* **Dataset section**
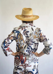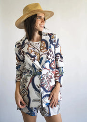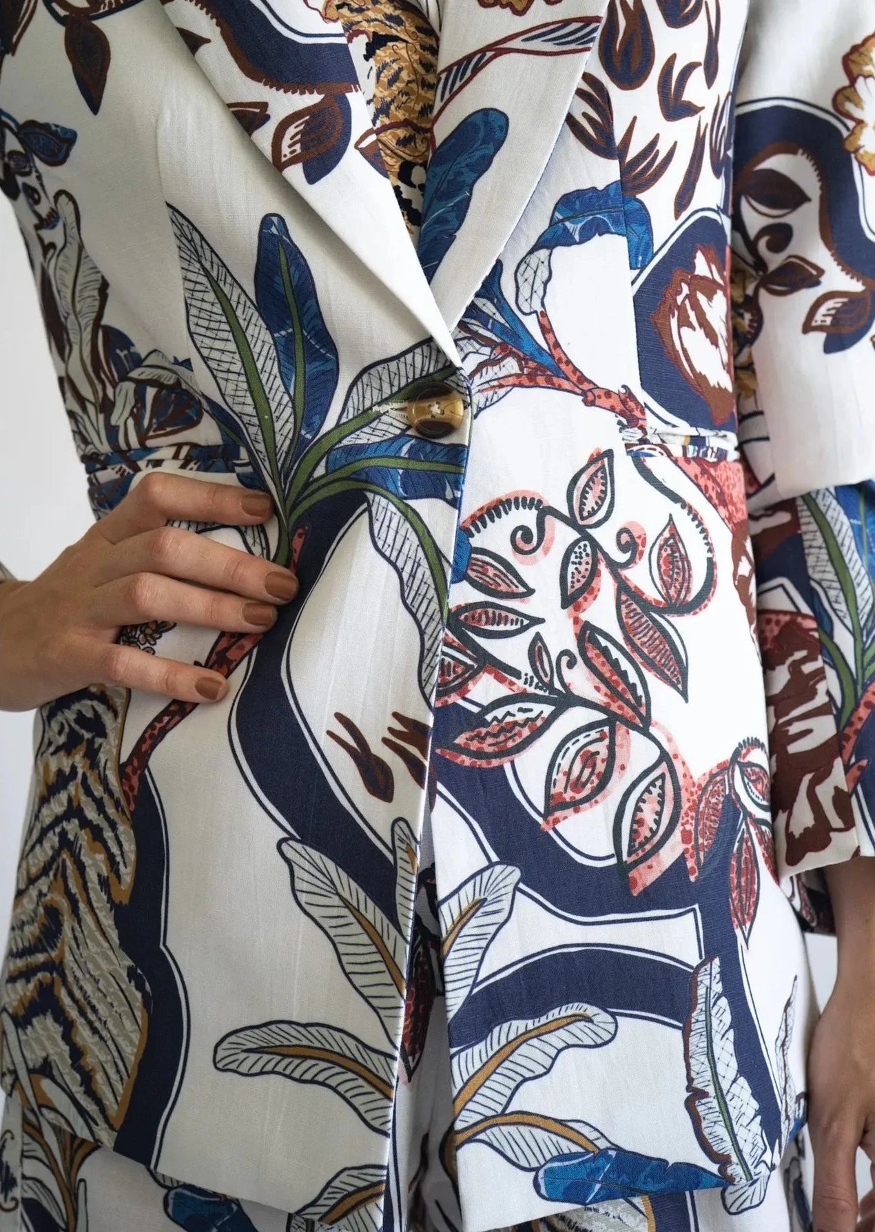 Imagine a carefully crafted blazer that paints a vivid picture – playful tigers, lively palm trees, and dancing leaves against a clean white backdrop.Whether you're dressing up for an occasion or adding flair to your casual look, the Color Tiger Blazer is your ticket to standout style with a touch of untamed spirit. Get ready to turn heads with this wild twist on classic tailoring!
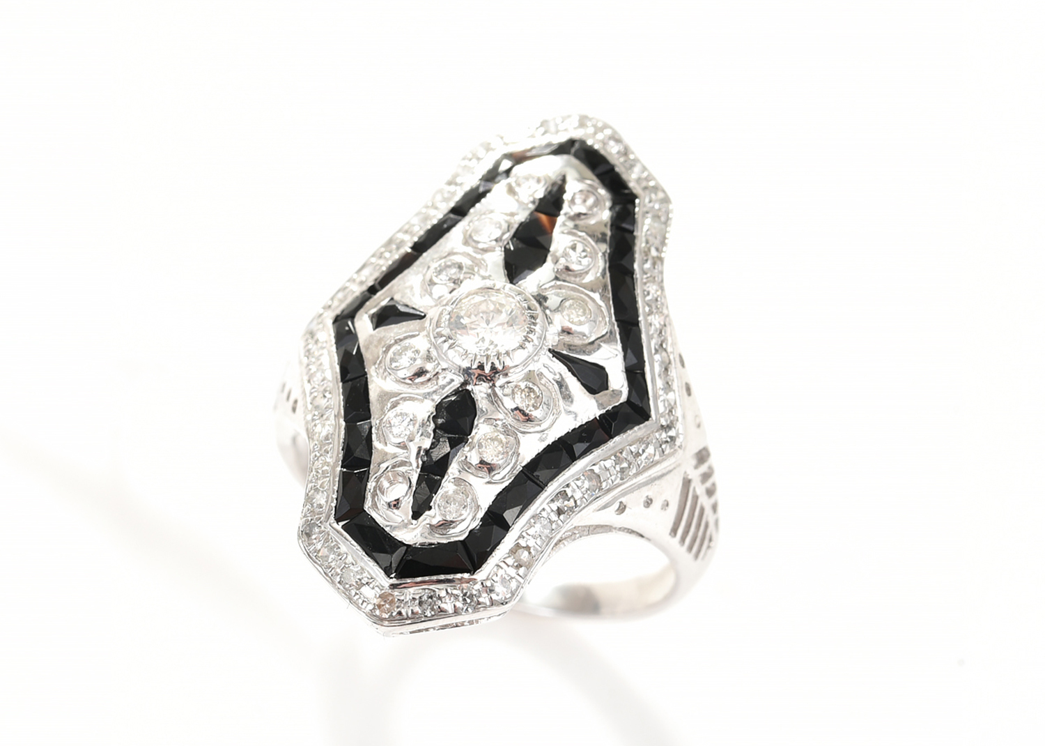 A DIAMOND AND BLACK ENAMEL CLUSTER RING IN SILVER.
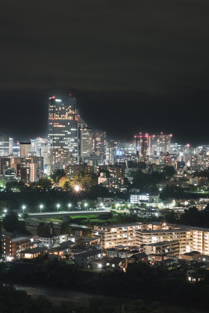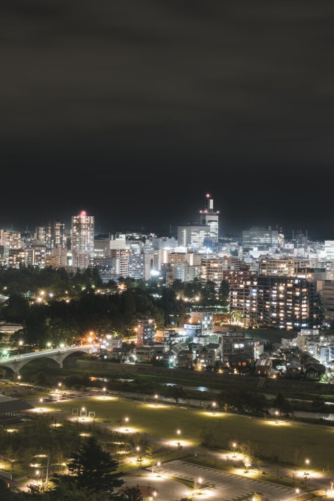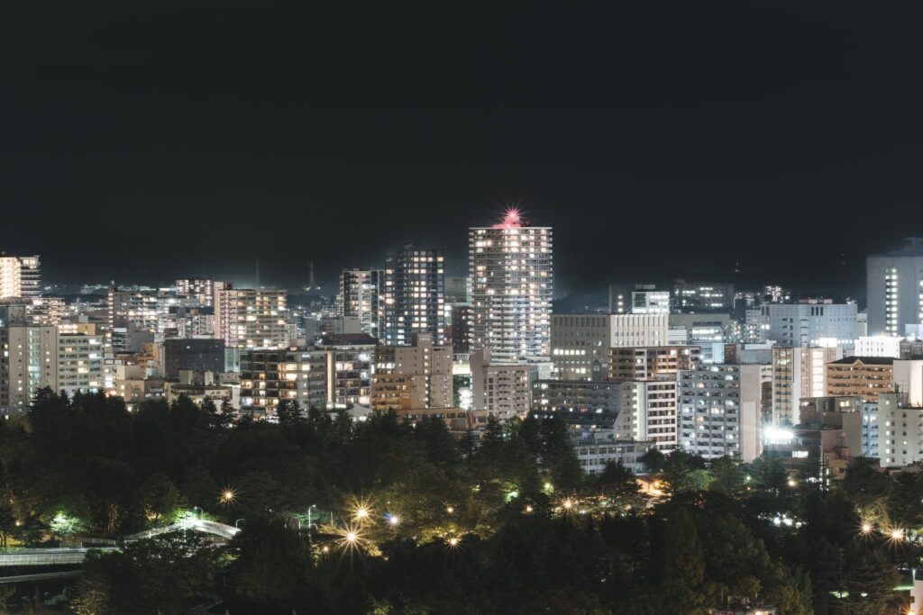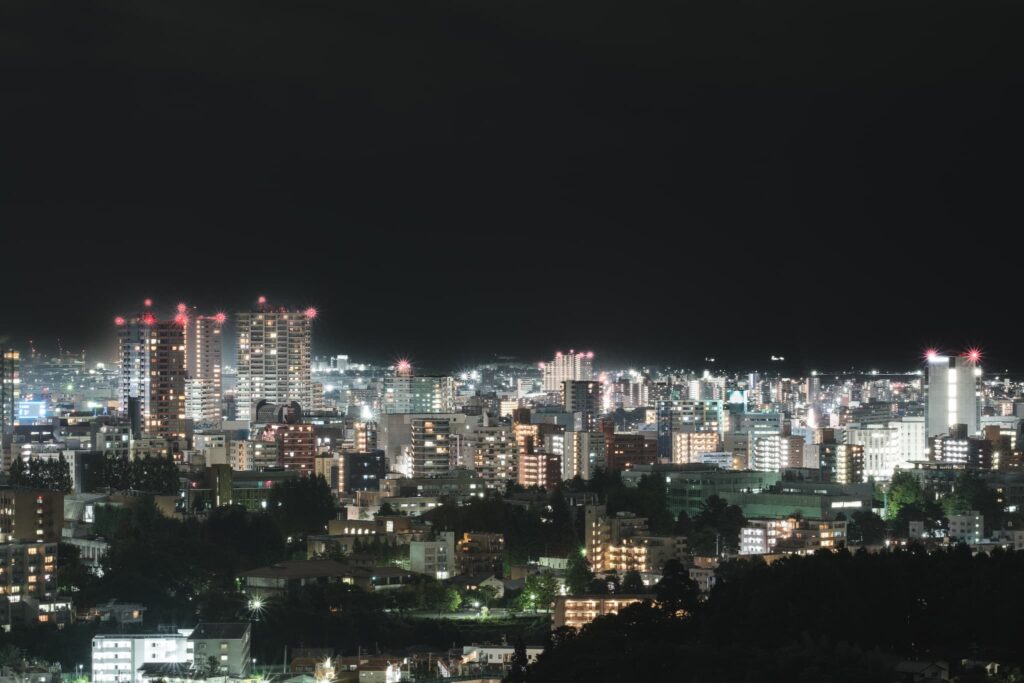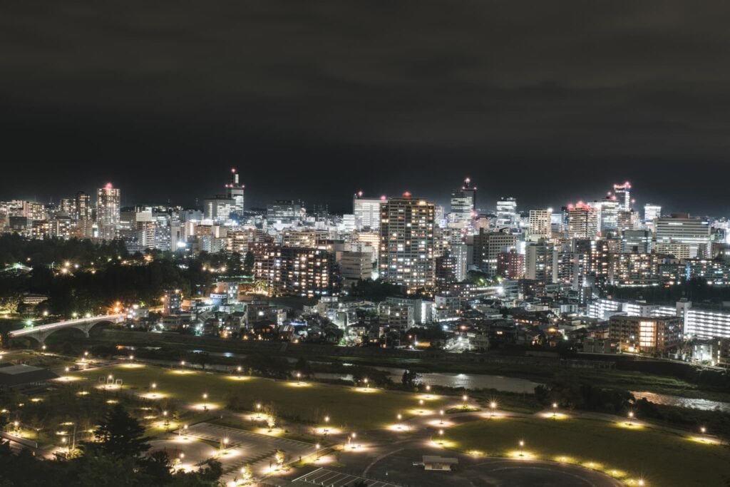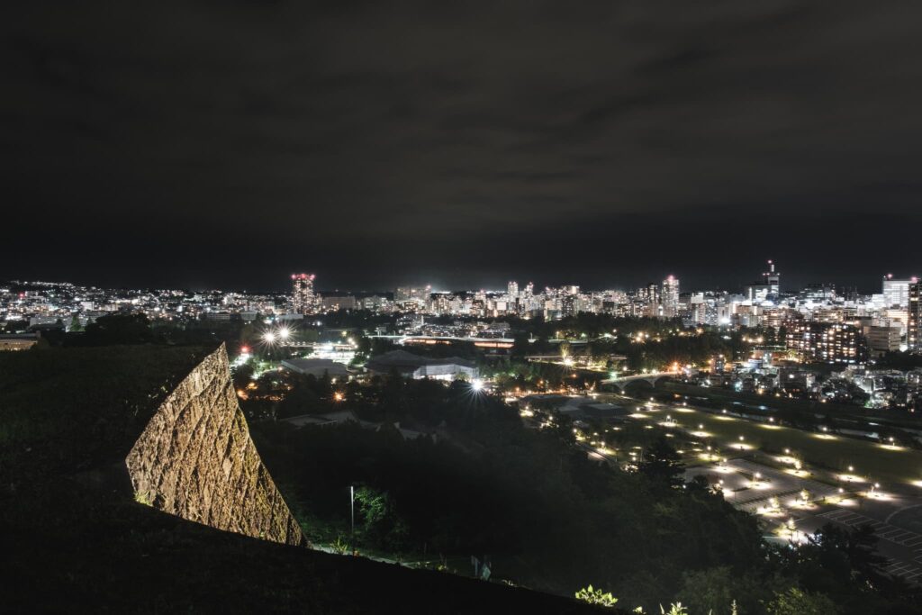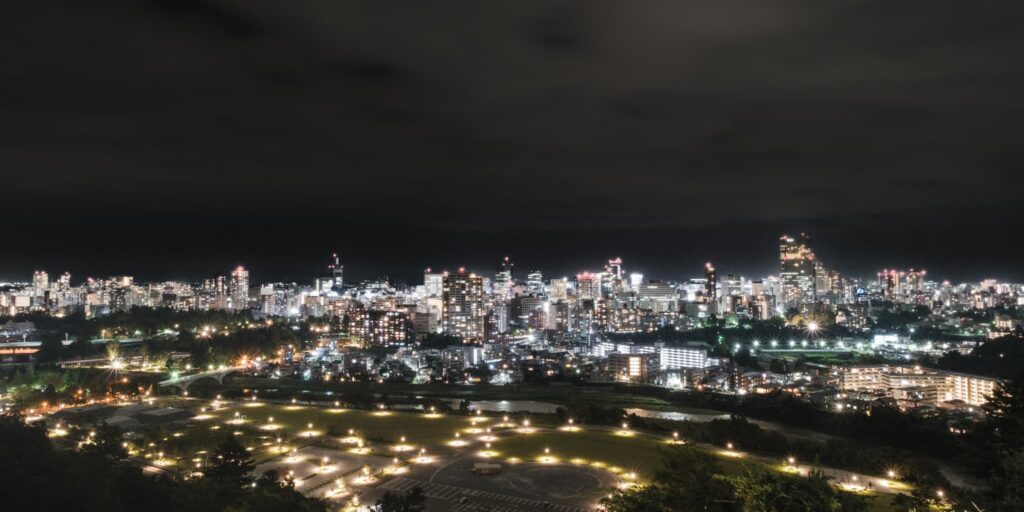 そんな仙台城跡から見える夜景がこちら。

* **Exercise aim**
Reproduce the full listing faithfully, but do not carry over any pictures.

* **Result of this task**
 Imagine a carefully crafted blazer that paints a vivid picture – playful tigers, lively palm trees, and dancing leaves against a clean white backdrop.Whether you're dressing up for an occasion or adding flair to your casual look, the Color Tiger Blazer is your ticket to standout style with a touch of untamed spirit. Get ready to turn heads with this wild twist on classic tailoring!
 A DIAMOND AND BLACK ENAMEL CLUSTER RING IN SILVER.
 そんな仙台城跡から見える夜景がこちら。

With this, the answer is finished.